In Part One of this column on stolen African art, we begin by examining the stolen art of Great Zimbabwe.
How did the destruction of our creative wealth disappear at Great Zimbabwe?
How did the Europeans find out about Great Zimbabwe in the first place?
Karl Mauch, a German geologist arrived at Great Zimbabwe monuments on Sunday 3 September 1871.
In his diaries, he noted that a Karanga tribesman took him there to show him ‘Dzimbahwe’, the scared city of stone where the local people claimed to hear drums played at night.
Mauch described the walls as beautifully curved undulating and bearing no mortar. He looked at the soapstone and iron relics and said only “a civilised white nation must once have lived there.”
Then he cut a piece of wood from a tree with red juices, (probably a Mubvamaropa tree) and concluded that this tree was unique and it could only have come from Lebanon with the Phoenicians.
After Karl Mauch’s findings, Cecil John Rhodes, the great colonialist, made a visit in 1890 and told the chiefs that he had come to look for the “the ancient temple which once upon a time belonged to whitemen.”
Rhodes then established the Ancient Ruins Company and financed James Theodore Bent from the British Association of Science.
In 1892, Bent published The Ruined Cities of Mashonaland in which he said items found within the Great Zimbabwe complex proved that the civilisation was not built by local Africans.
A few years later Richard Hall was hired to investigate the Great Zimbabwe site.
Hall asserted in his work, The Ancient Ruins of Rhodesia that the civilisation was built by ‘more civilised races’ than the Africans.
Hall deliberately dug two metres deep and destroyed archeological evidence which pointed to the Shona people as builders of Great Zimbabwe.
Hall said he wanted to, “remove the filth and decadence of Kaffir occupation.”
In 1905, British archeologist David Randall-MacIver arrived at Great Zimbabwe and studied the mud dwellings within the stone enclosures.
Randall-MacIver was the first European researcher to say that the dwellings were “unquestionably African in every detail.”
As a result of this bold assertion, Randall – MacIver and other archeologists were banned from the Zimbabwe site by the colonial government.
Meanwhile, the looting continued from whoever arrived to explore and dig for gold and suspected treasures.

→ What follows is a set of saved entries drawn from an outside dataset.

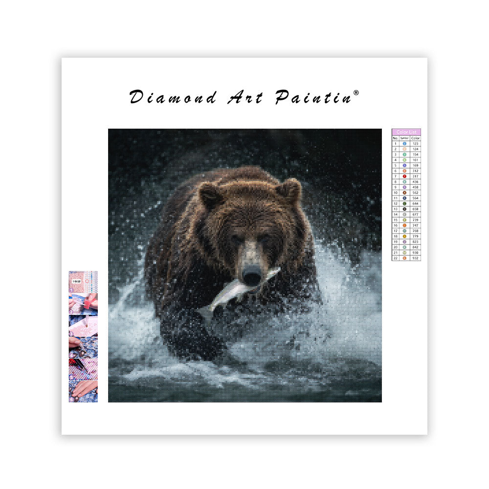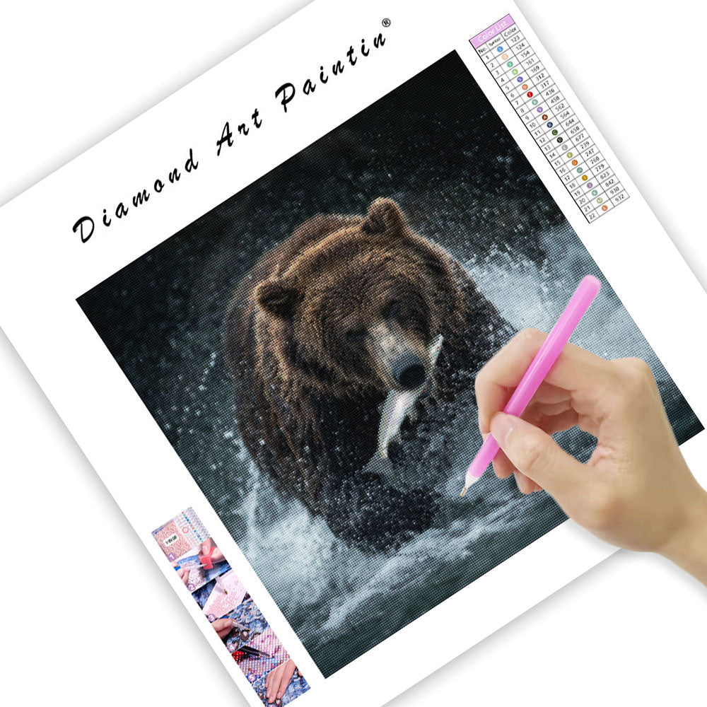 Alaskabjörn som fångar lax - Diamantmålning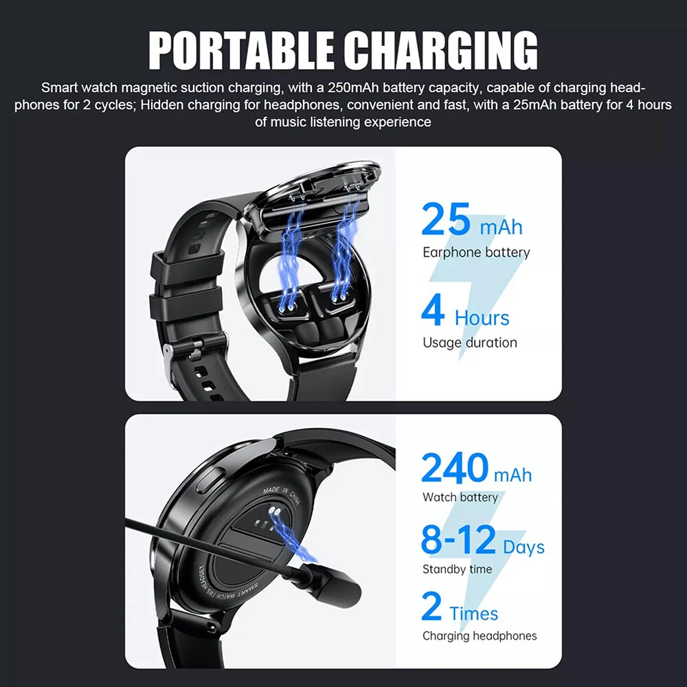 Store Categories Store Categories Other Smart Watch TWS Earbuds Headset 2 in 1 Premium Wireless Calling, Fitness Tracker Details Features: 1. Two in one new design: Smartwatch paired with TWS Bluetooth earphones, perfect combination of smartwatch and Bluetooth earphones. All metal steel dial, full of high-tech feel. 2. Large screen smartwatch: Equipped with a 1.39-inch large screen, super Retina high-definition display, 360 * 360 high-definition resolution, the smartwatch has higher color saturation and finer and clearer picture quality. You can use 10+watch dials and define your own theme. 3. Multi functional watch: Bluetooth calling, full touch, heart rate, shake and take photos, call reminder/reject, information storage, multi sport modes, weather, built-in NFC function make this watch a smart lock key for your home or office, so you no longer have to worry about forgetting your key when going out. 4. Main functions: Real-time vibration reminder, information reminder, alarm clock, finding wristbands, health monitoring, exercise recording (pedometer, calories, mileage), time, week, date. 5. Make/receive phone calls and support notifications: After connecting to Bluetooth, you can directly dial the phone number on the screen to answer the call. When your smartphone receives calls and messages (such as SMS, Skype, Facebook, Twitter, WhatsApp, Line, Viber), it pushes them to the TWS earbud watch. Make our lives more convenient and intelligent. 6. The application supports 26 languages: English, Simplified Chinese, Traditional Chinese, German, French, Arabic, Czech, Greek, Spanish, Japanese, Persian, Italian, Korean, Dutch, Polish, Portuguese, Russian, Finnish, Swedish, Thai, Hungarian, Slovak, Croatian, Albanian, Turkish, Ukrainian, Hindi 7. Watch language support: English, German, French, Arabic, Czech, Greek, Spanish, Persian, Italian, Dutch, Polish, Russian, Finnish, Swedish, Thai, Hungarian, Slovak, Croatian, Albanian, Turkish, Ukrainian, Hindi 22 languages. The function of the headphone button: 1. Press the button 4 times before pairing ----- switch between Chinese and English prompts 2. Press and hold for 2 seconds to turn on the device, press and hold for 1.5 seconds to reject calls, and press and hold for 3 seconds to turn off the device 3. Double click button ----- Answer/End call 4. 4 Click button ----- Wake up SIRI compatible 5. Double click button ----- Play/Pause 6. Three clicks on the left ear button: Previous track; Three clicks on the right ear button: Next track) 7. Restore headphones to factory settings: Press and hold the headphones for 8 seconds while they are turned off. (If the two ears cannot be paired, they can be restored to factory and re paired) Reminder: Heart rate, blood oxygen, and blood pressure are only reference values and cannot be used for medical purposes!!! Specifications: Product Name: Smart Watch Main control chip: 8762D Screen size: 1.39 inches Resolution: 360 * 360 Bluetooth version: 5.0 Waterproof grade: IP67 Standby time: 8-12 days Music duration: 4 hours Battery life: 3-5 days (depending on personal usage) Charging time: 1 hour (earphones) Charging time: 1.5 hours (watch) Charging method: Magnetic charging Earphone battery capacity: 25mAh Watch/Charging Cabin Battery Capacity: 240mAh Charging case function: can charge headphones 2-3 times Control method: Full screen touch+button press Application: FitCloudPro Compatible system: Android 4.4 and above; Compatible with iOS 8.0 and above versions Watch memory: 192KB RAM+1024KB ROM+128MB UI Flash Case Material: Glass Lens+Zinc Aluminum Alloy Strap material: silicone/steel strap (optional) Package includes: 1 * 2-in-1 smartwatch 1 * User Manual 1 * Screen protector film 1 * USB magnetic charging cable Note: Due to manual measurement, please allow for an error of 1-3cm. Before bidding, please make sure you don't mind! Due to differences in monitors, images may not reflect the actual color of the product. thank you! Shipping Policy Payment Method Returns Policy Shipping Policy Payment Method This is the description of Payment Method. Do not dismiss your dream. To be without dream is to be without hope. To be without hope is to be without purpose. Do not run through your life so fast that you forget not only where you have been, but also where you are going. Life is not race, but a journey to be savored each step of the way. Returns Policy This is the description of Returns Policy. Do not dismiss your dream. To be without dream is to be without hope. To be without hope is to be without purpose. Do not run through your life so fast that you forget not only where you have been, but also where you are going. Life is not race, but a journey to be savored each step of the way. Copyright©2017 DataCaciques Smart Watch TWS Earbuds Headset 2 in 1 Premium Wireless Calling, Fitness Tracker Item Description Features: 1. Two in one new design: Smartwatch paired with TWS Bluetooth earphones, perfect combination of smartwatch and Bluetooth earphones. All metal steel dial, full of high-tech feel. 2. Large screen smartwatch: Equipped with a 1.39-inch large screen, super Retina high-definition display, 360 * 360 high-definition resolution, the smartwatch has higher color saturation and finer and clearer picture quality. You can use 10+watch dials and define your own theme. 3. Multi functional watch: Bluetooth calling, full touch, heart rate, shake and take photos, call reminder/reject, information storage, multi sport modes, weather, built-in NFC function make this watch a smart lock key for your home or office, so you no longer have to worry about forgetting your key when going out. 4. Main functions: Real-time vibration reminder, information reminder, alarm clock, finding wristbands, health monitoring, exercise recording (pedometer, calories, mileage), time, week, date. 5. Make/receive phone calls and support notifications: After connecting to Bluetooth, you can directly dial the phone number on the screen to answer the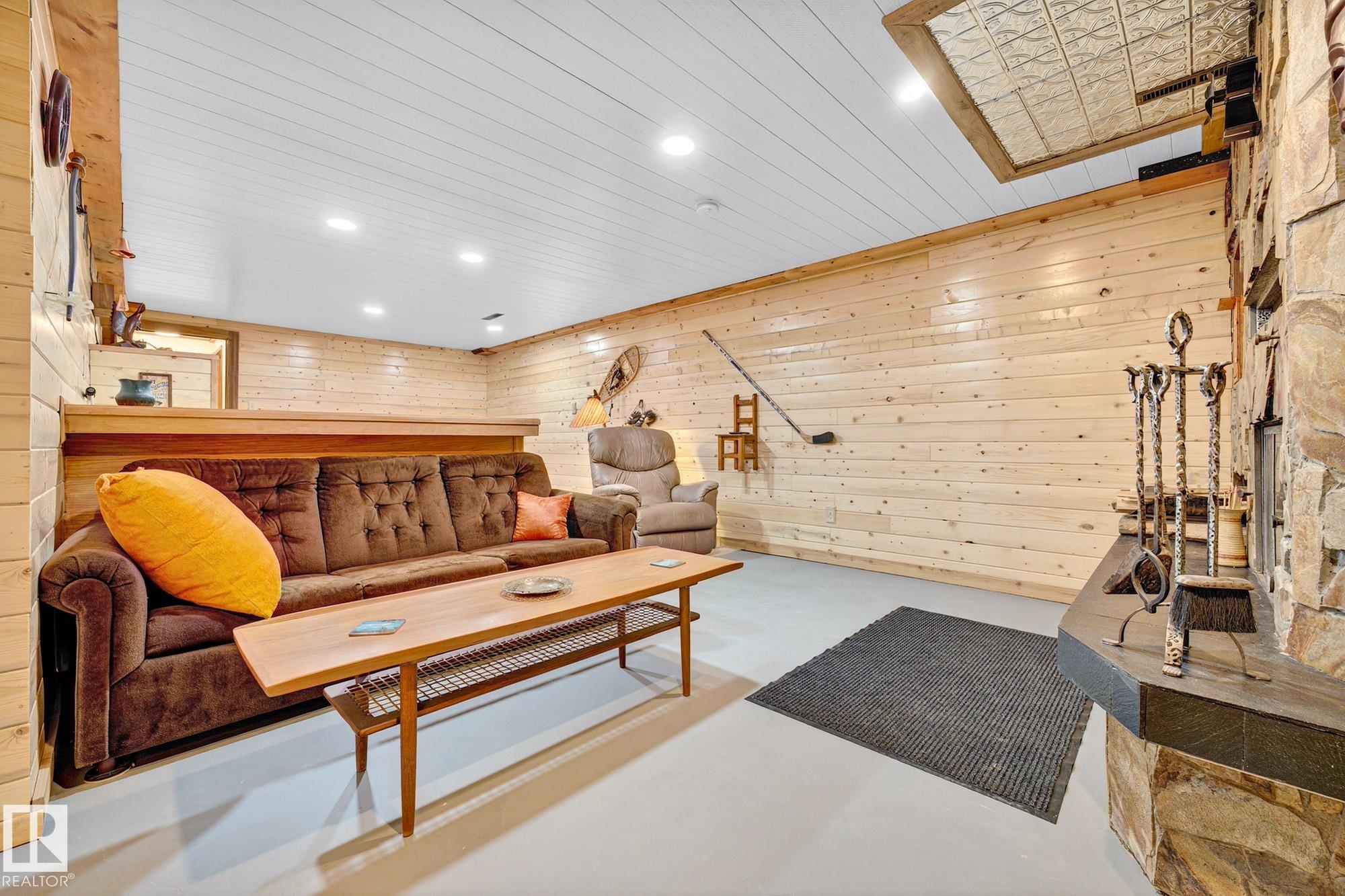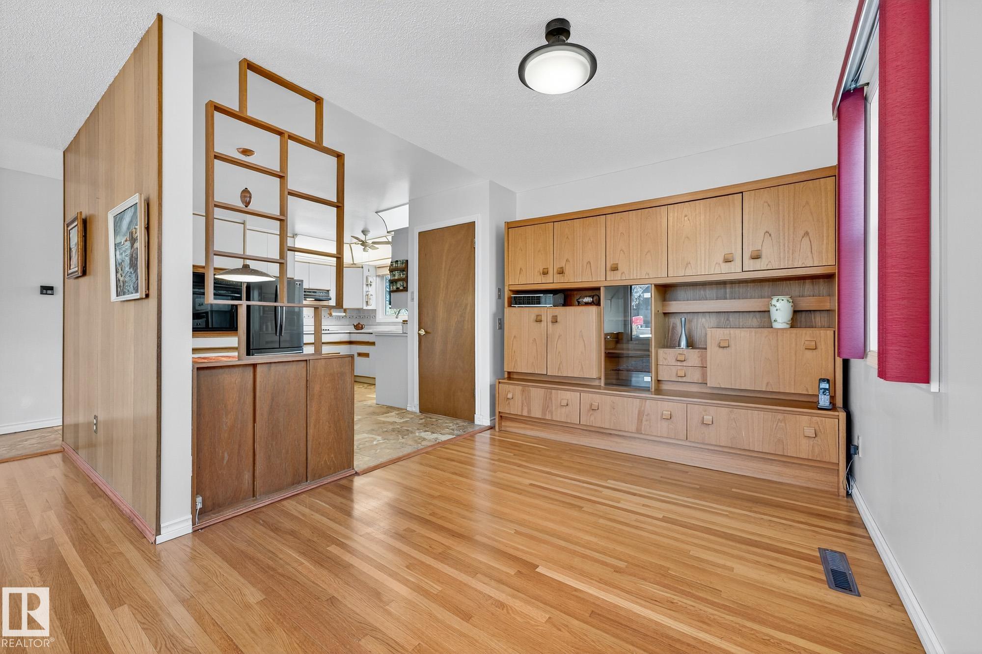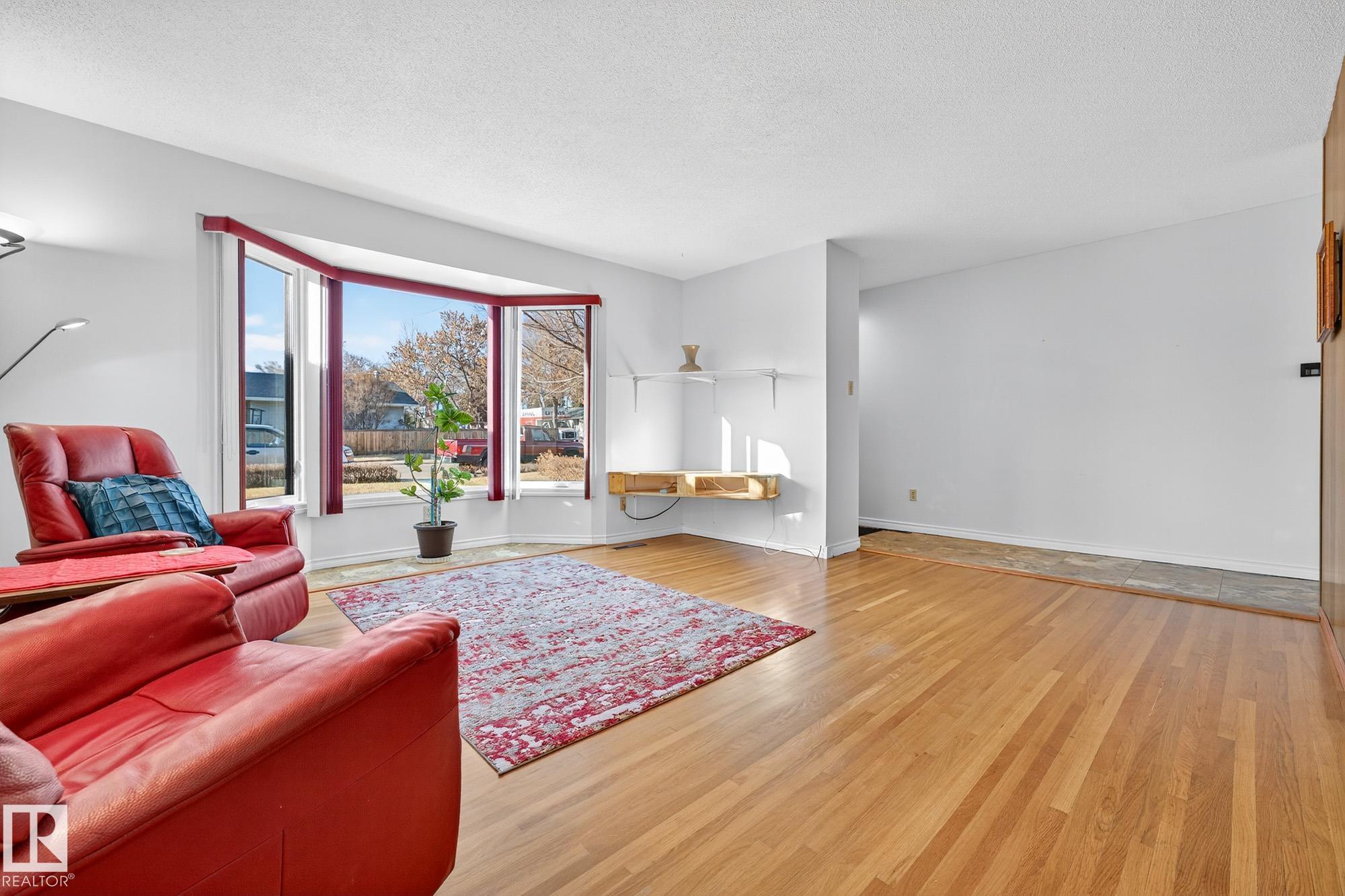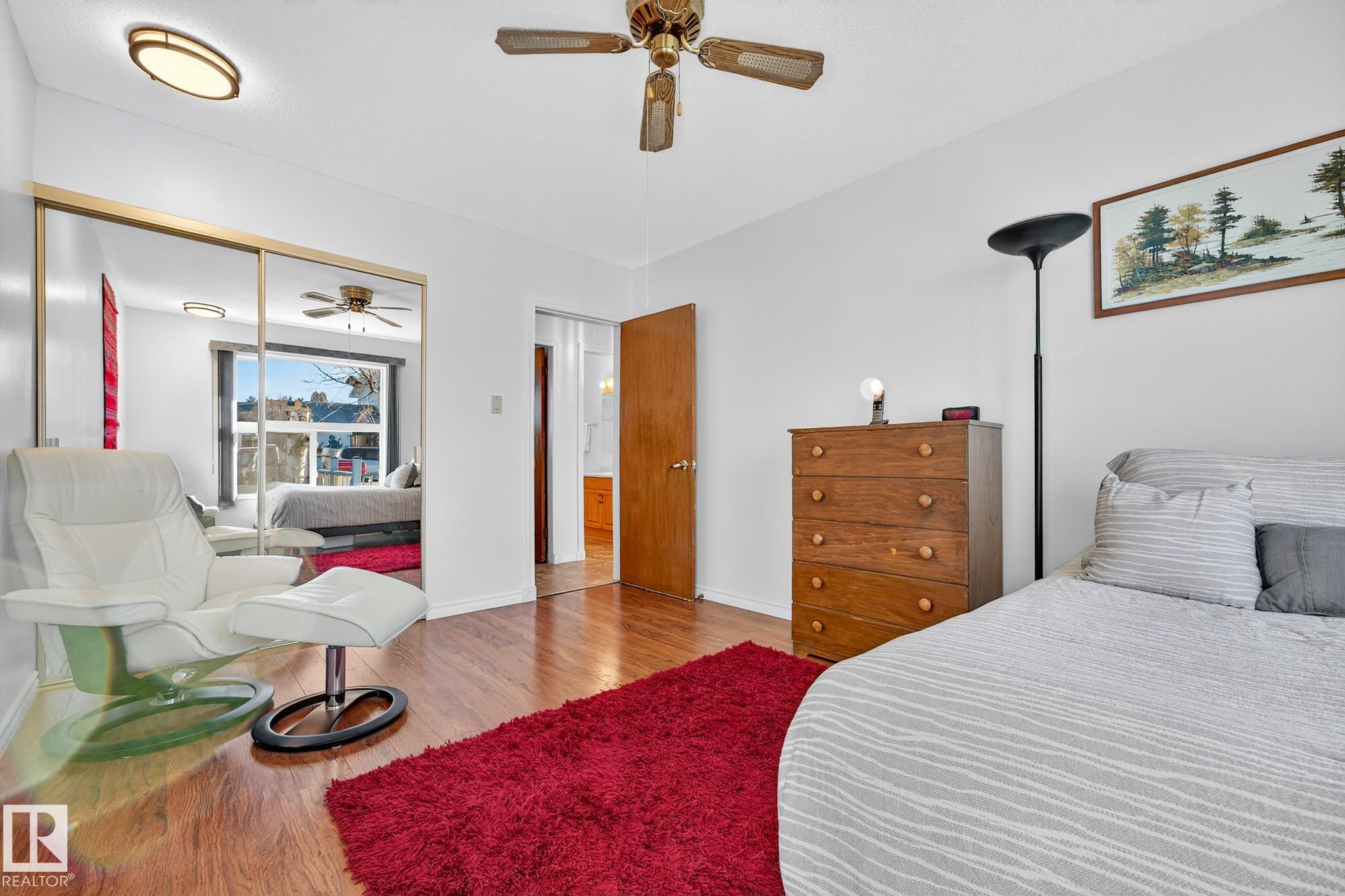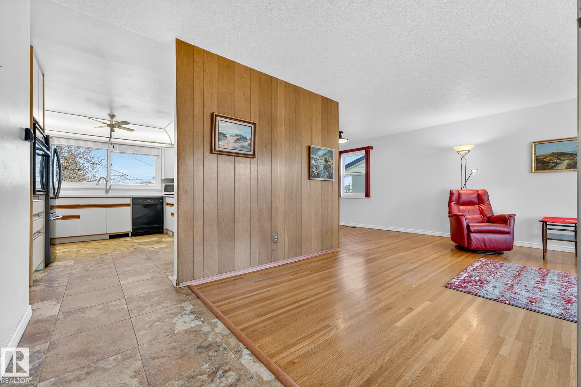 Nestled just off Ada Boulevard and steps from Rundle Park, this bungalow tells a story of warmth and belonging. Morning light filters through triple-pane Pella windows, catching the texture of hardwood floors and mid-century details that speak to another era of craftsmanship. The living and dining spaces flow effortlessly, creating room for conversation and quiet moments alike, while the bright kitchen overlooks the backyard, a view of changing seasons framed by trees and sky. Three main-floor bedrooms offer comfort and calm, and downstairs, a pine-paneled rec room with a wood-burning fireplace and wet bar sets the stage for gatherings that linger into the night. Two additional bedrooms, a full bath, and generous storage complete the home's thoughtful layout. Outside, a pergola-topped deck and oversized heated double garage extend both function and charm. In a community defined by river trails, parks, and connection, this is a haven where every season feels like home.

And 25 years later, British archeologists led by Gertrude Caton -Thompson came and spent two years at Great Zimbabwe.
Although a lot had been destroyed and stolen, Caton – Thompson found Persian bowls, Chinese celadon dishes, and Asian glassware.
These 12th to 15th century goods were evidence that there was a Shona and Indian Ocean trade link.
Gertrude Caton-Thompson also examined the pottery style, wall decoration and the Karanga linguistic data and concluded that the ruins were of Shona origin.
Great Zimbabwe remains the largest single prehistoric structure in Sub-Saharan Africa related to similar structures at Mapungubwe across the Limpopo on the South African side.
It was one of 300 known stone enclosure sites on the Zimbabwe Plateau and it the largest ancient stone construction south of the Sahara.
There was a lot of wealth and knowledge in the work of art and architecture at Great Zimbabwe that was destroyed during the early days of colonialism.
Today, the Zimbabwe artifacts are kept in museums, public offices and private collections all over the Western world.
It was tragic that much of our history as recorded by the creative work of the artifacts was lost and it will not be reconstituted.